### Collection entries
····················

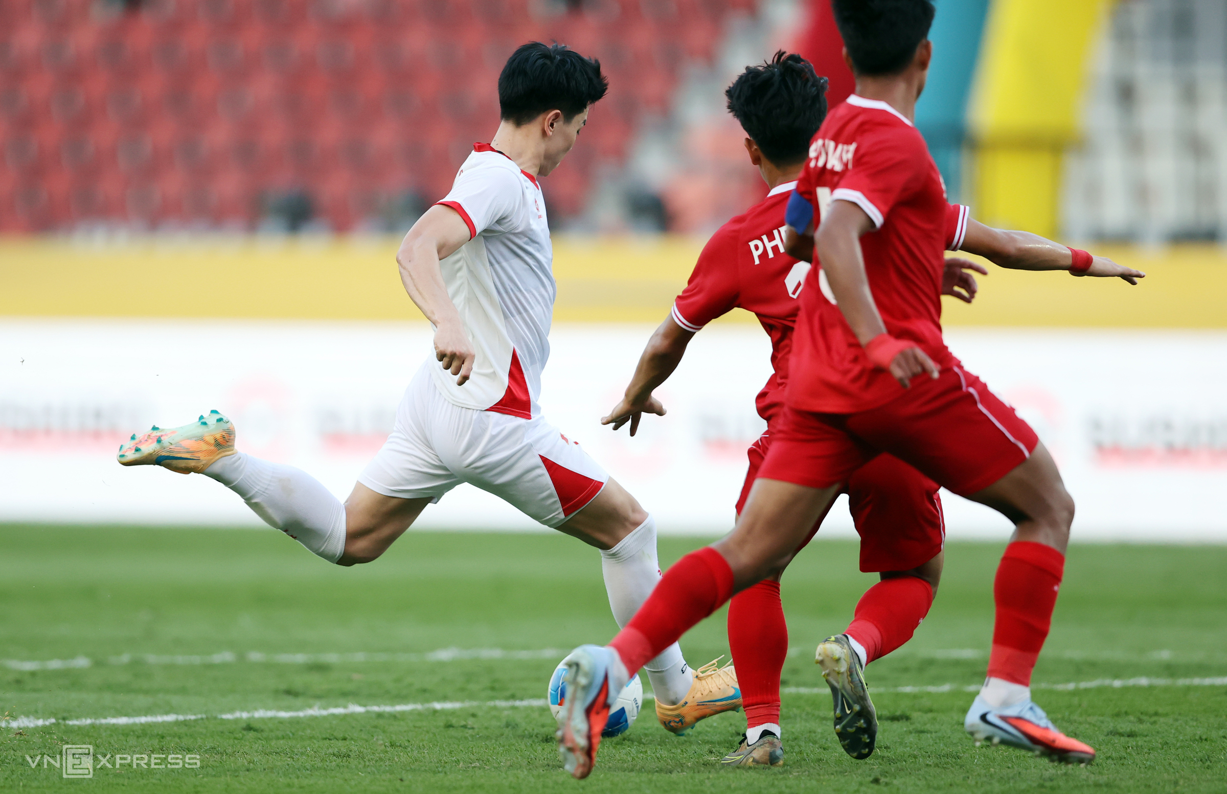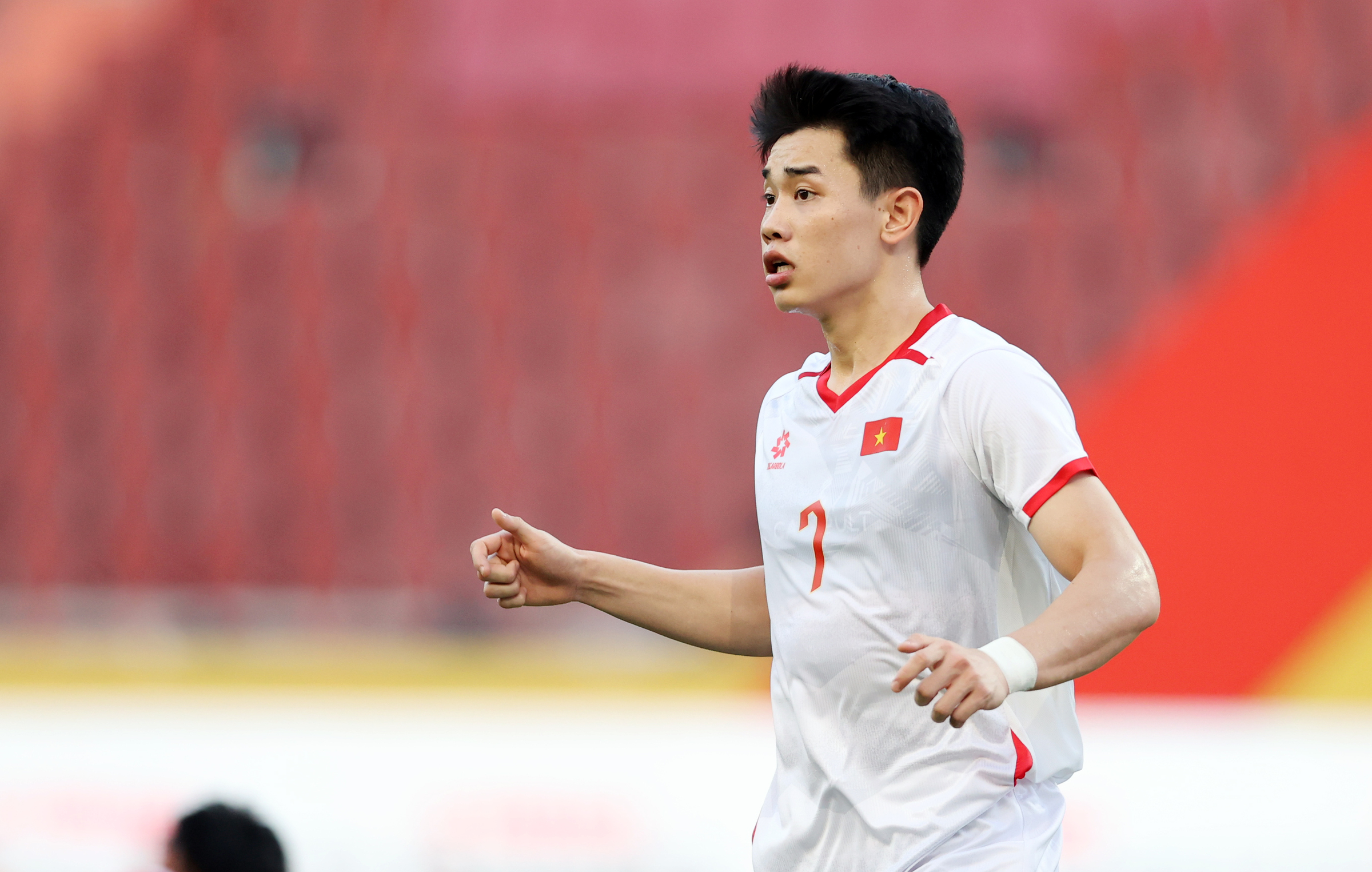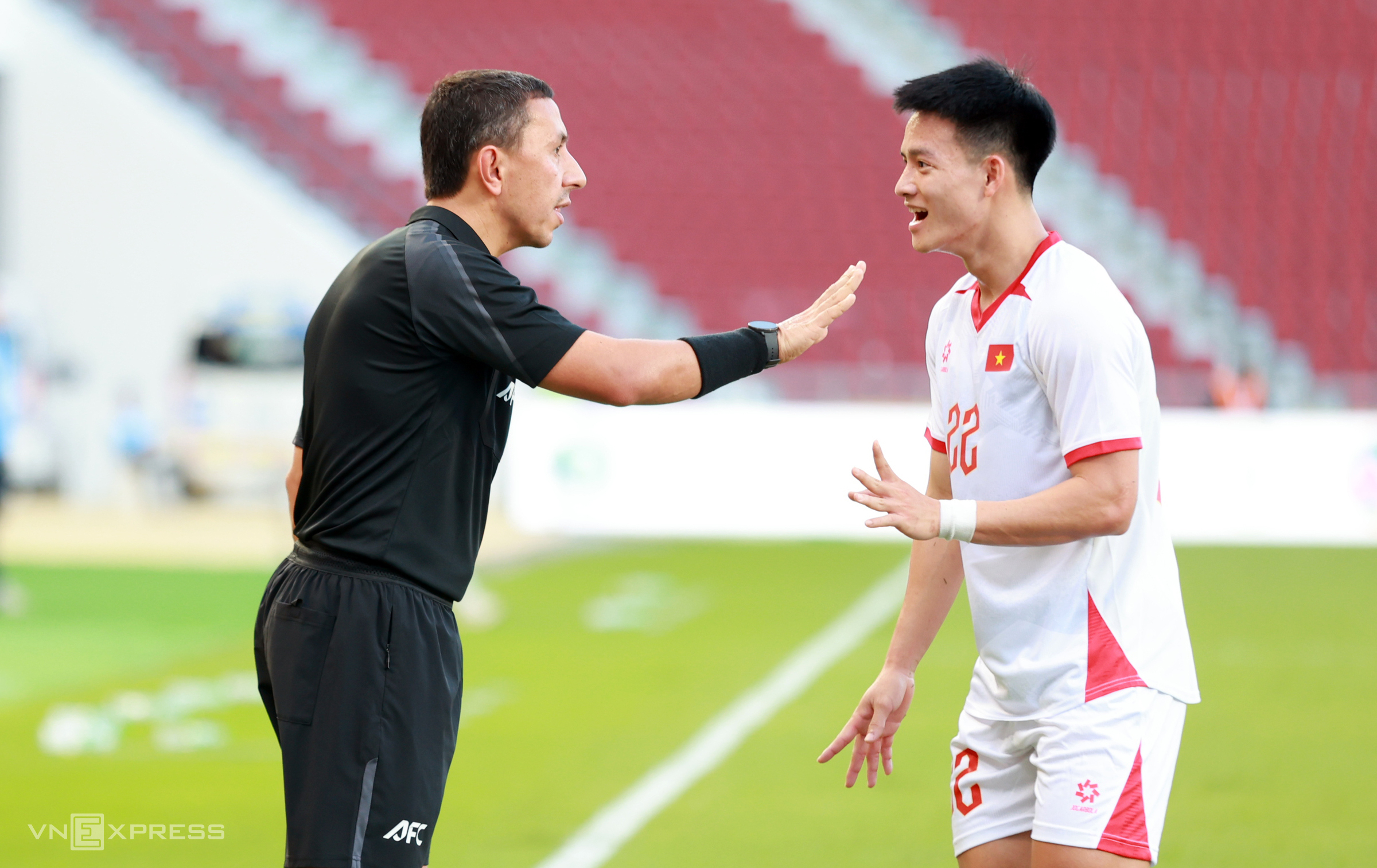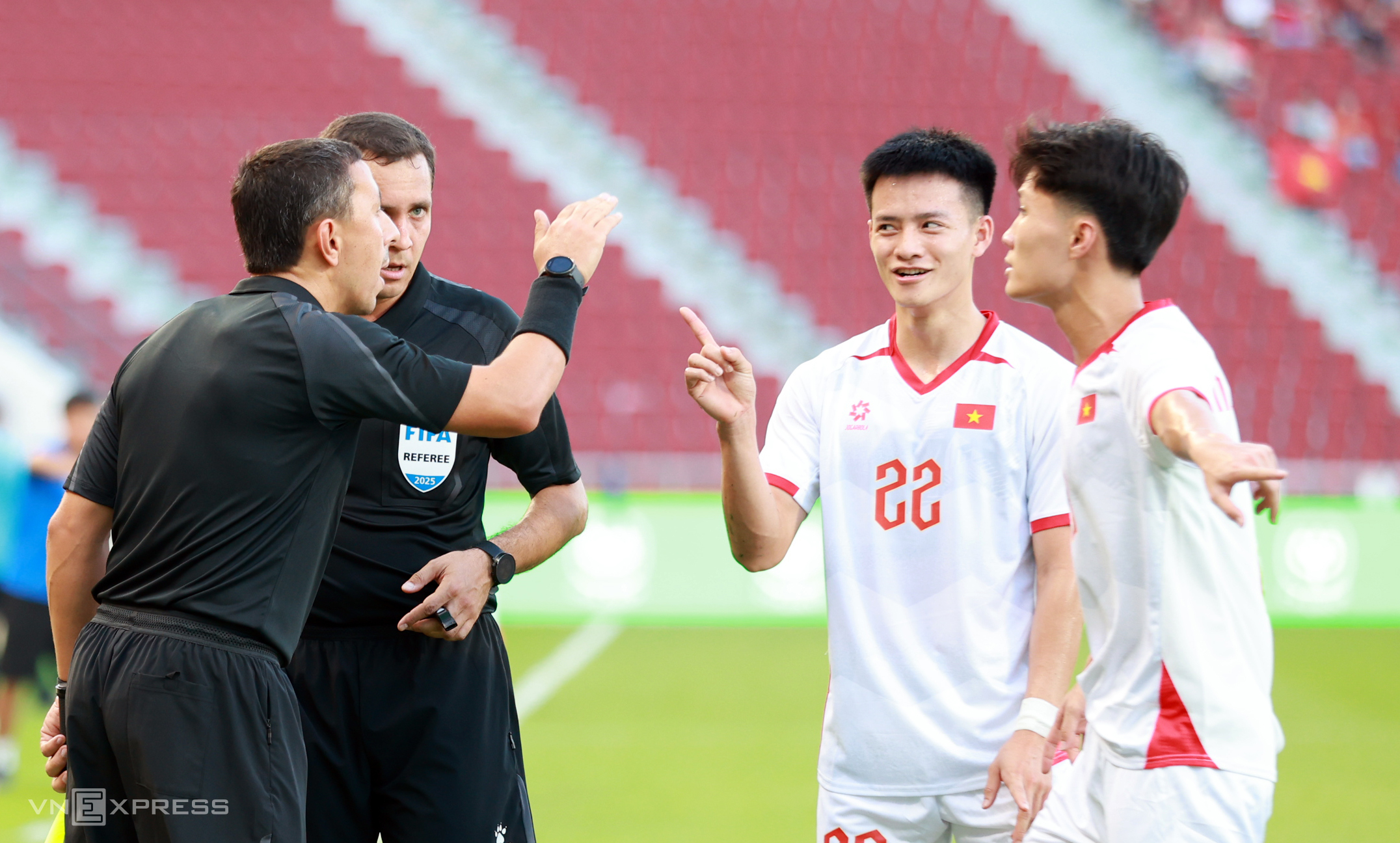 Forward Nguyen Thanh Nhan immediately ran towards the assistant referee to protest. Assistant referee Shayusupov seemingly penalized Nguyen Quoc Viet as the Vietnam forward was in an offside position, stood in the path of the ball, and potentially obstructed the Laos goalkeeper's view.
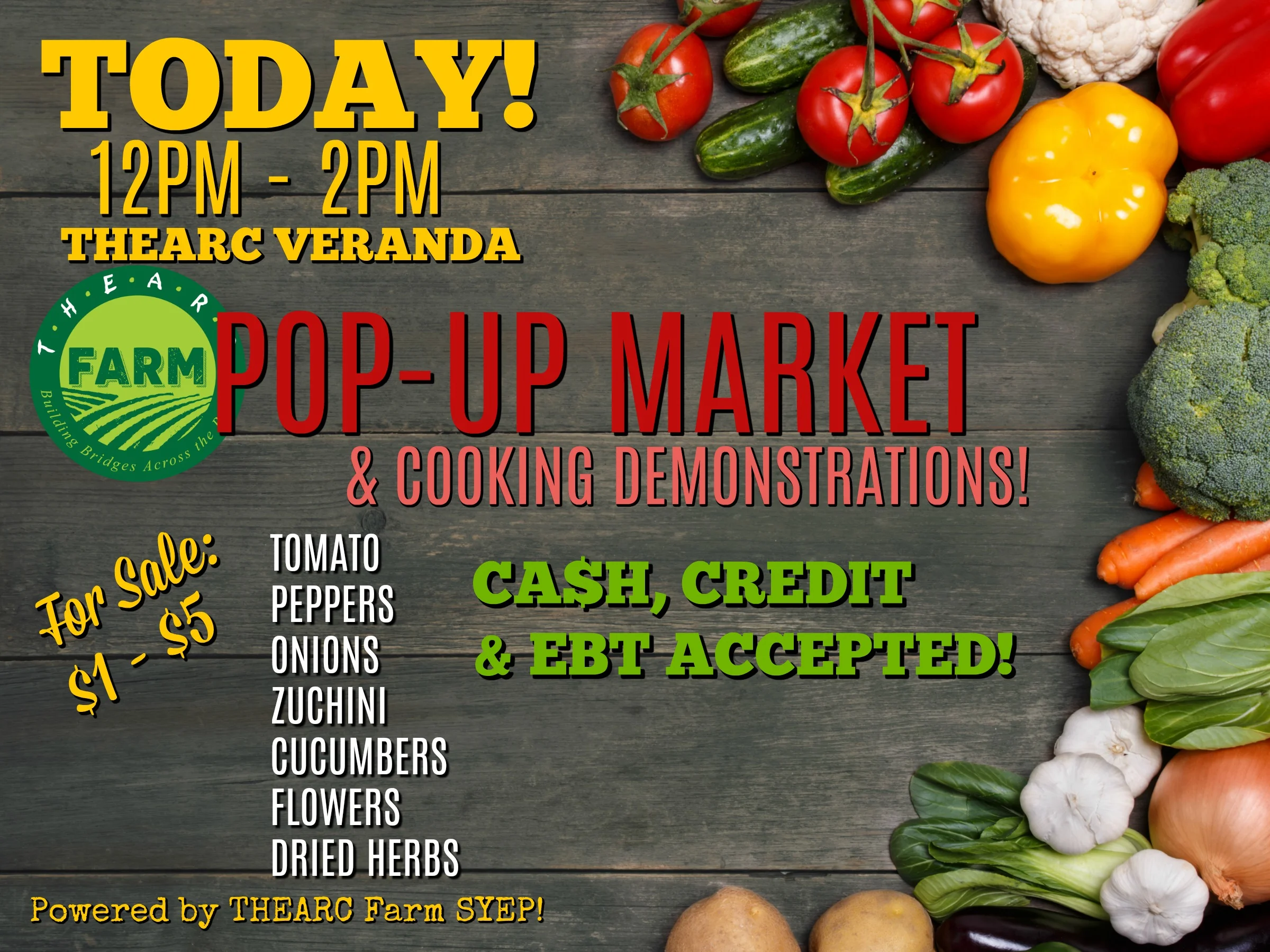SURPRISE! If you happen to be around the Town Hall Education Arts Recreation Campus (THEARC) today around lunch time, join us on THEARC's “veranda” (area in front of the lobby) for a POP-UP PRODUCE MARKET with cooking demonstrations by THEARC Farm’s SYEP! Market is from 12pm – 2pm. Get fresh produce grown right on THEARC Farm for less than $5! Cash, credit & EBT are accepted! Spread the word! 1901 Mississippi Ave SE.
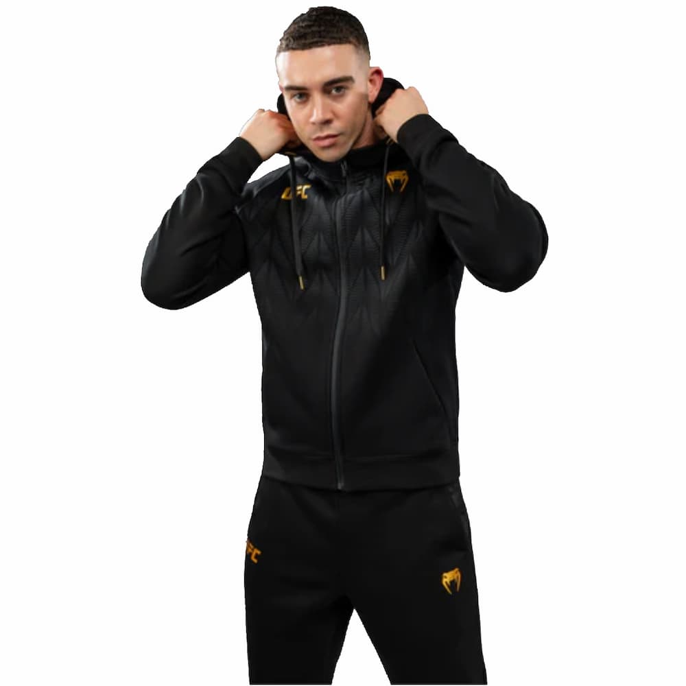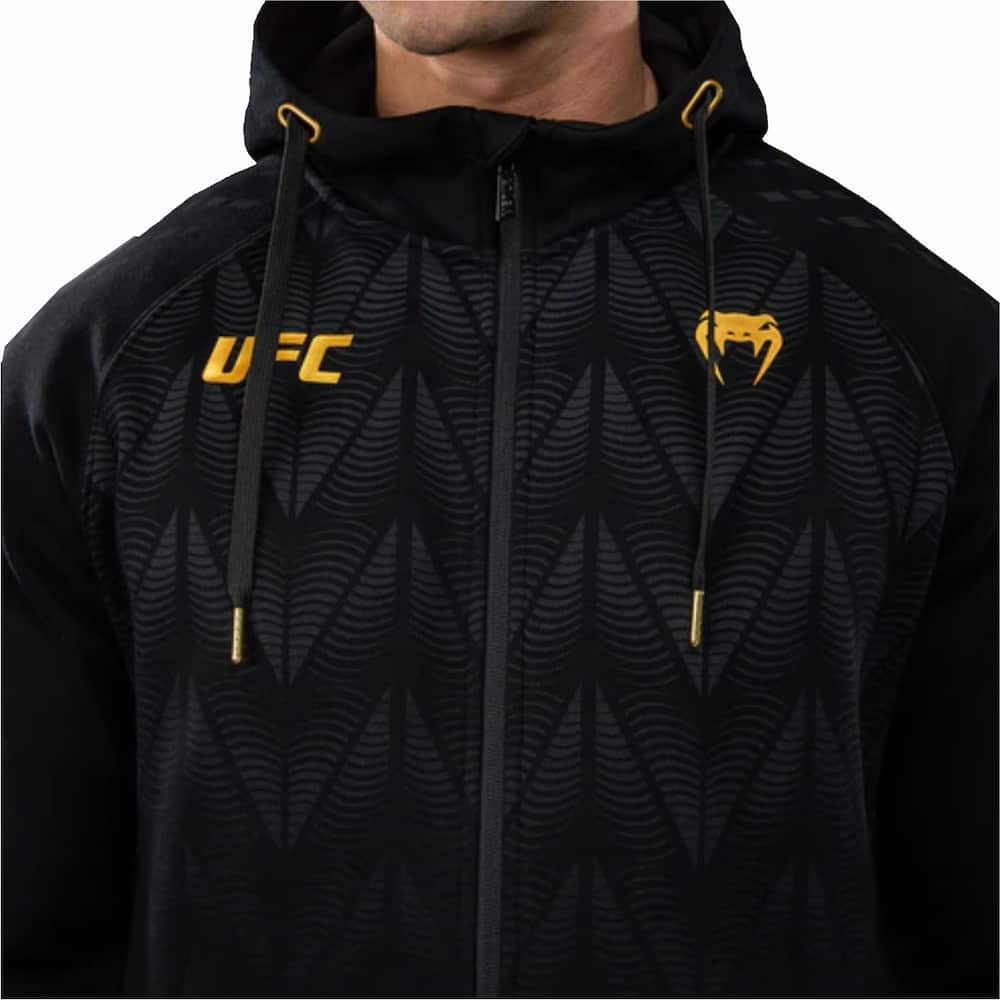 La sudadera con capucha y cremallera UFC Zenith de Venum Replica para hombre cuenta con bolsillos laterales abiertos y capucha con cordón ajustable. Los logotipos de Venum y UFC se ubican en el pecho y la capucha.
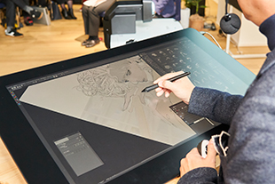 漫画は通常、雑誌の見開きのサイズが最大なので、大きなプリントで見るのは私にとっても衝撃的でした。今後、益々増えていくデジタルのマンガ作品において、エプソンの印刷技術と漫画家の技術をコラボレーションすることで、今回のような作品展や、従来とは異なる作品づくりが可能になるのではないかと期待しています。また、デジタル環境だけで作画していると見えてこない、色の繊細さやグラデーション、透明感などが美しいと感じました。細かい書き込みの再現性も抜群です。こうした印刷の技術がもっと身近になれば、作家の意識が高まるのはもちろん、一般家庭でアートとして漫画作品を飾るなどして楽しんでいただける、1つの可能性になりうると感じる展示でした。
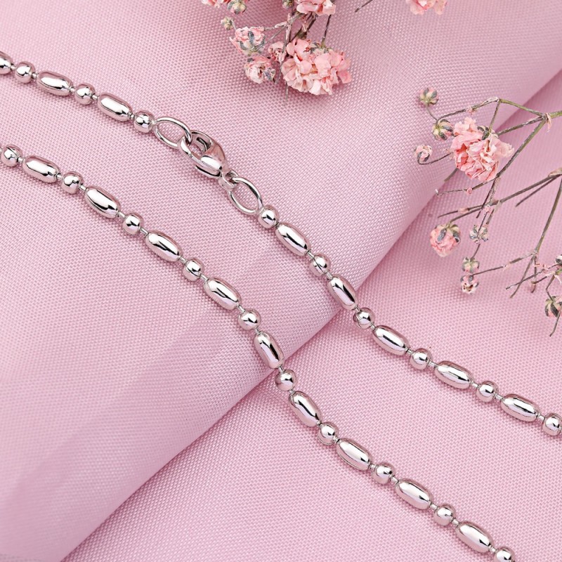 Charmante Armbänder und Ketten „Kugel + Fass“ aus 925er Sterlingsilber, rhodiniert. Das Weben von

····················

### Instructions to follow
Repeat word for word the lines beginning at the one with "La sudadera con" and ending at the final line of the records above, both included, and no others. Leave the pictures out.

### Answer area
 La sudadera con capucha y cremallera UFC Zenith de Venum Replica para hombre cuenta con bolsillos laterales abiertos y capucha con cordón ajustable. Los logotipos de Venum y UFC se ubican en el pecho y la capucha.
 漫画は通常、雑誌の見開きのサイズが最大なので、大きなプリントで見るのは私にとっても衝撃的でした。今後、益々増えていくデジタルのマンガ作品において、エプソンの印刷技術と漫画家の技術をコラボレーションすることで、今回のような作品展や、従来とは異なる作品づくりが可能になるのではないかと期待しています。また、デジタル環境だけで作画していると見えてこない、色の繊細さやグラデーション、透明感などが美しいと感じました。細かい書き込みの再現性も抜群です。こうした印刷の技術がもっと身近になれば、作家の意識が高まるのはもちろん、一般家庭でアートとして漫画作品を飾るなどして楽しんでいただける、1つの可能性になりうると感じる展示でした。
 Charmante Armbänder und Ketten „Kugel + Fass“ aus 925er Sterlingsilber, rhodiniert. Das Weben von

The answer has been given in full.